There are many fancy and extravagant Korean course meals throughout Seoul but it's surprisingly difficult to find places that do so while doing the food justice. This is particularly true in many of the "modern" or "fusion"-emphasizing Korean course meal places which relies more on gimmicky ingredients and leaving out the soul and essence of the Korean dish itself.
Someone I know recently had a birthday and invited us to Baekkop which I'm introducing in this post today.
Baekkop is a funny name for a Korean course restaurant as baekkop (배꼽) means "belly button" in Korean. The setting paper has a lengthy explanation about how a belly button is the remnant of the connection between child and mother and also some funky mythology about how the belly button is a small cosmos in itself and saying how they want diners to feel his or her own small cosmos during the dining experience. Sure, I thought as I read the description, but how about them food?

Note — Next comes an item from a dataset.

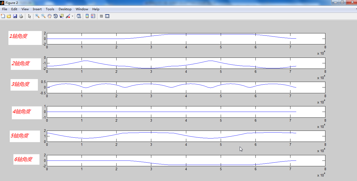 单击Profile按钮,执行轨迹规划操作,经过正逆解运算后,直接得到6个关节角度曲线。

The setting of the restaurant itself is a rather modern restaurant with many private rooms that can be booked. It doesn't have "traditional" Korean feel to it (with the hanok and hanji and everything) which many such Korean restaurants have and baekkop rather feels like a modern style Chinese restaurant with its sleek tables and wooden walls.
A number of different course options are available here ranging between 19,000 ~ 45,000 won per person. The latter will include extras in the delicacies department such as hwoe (sashimi), roasted eel, hanwoo (Korean beef), etc. Baekkop puts an emphasis on in-season ingredients and makes everything to order. The jeon, for example, came piping hot from the pan which showed they weren't made ahead of time and reheated for the table. Things like rice, water kimchi, porridge, etc are served in individual portions while the main dishes all come with a pair of serving chopsticks/spoon for diners to help themselves.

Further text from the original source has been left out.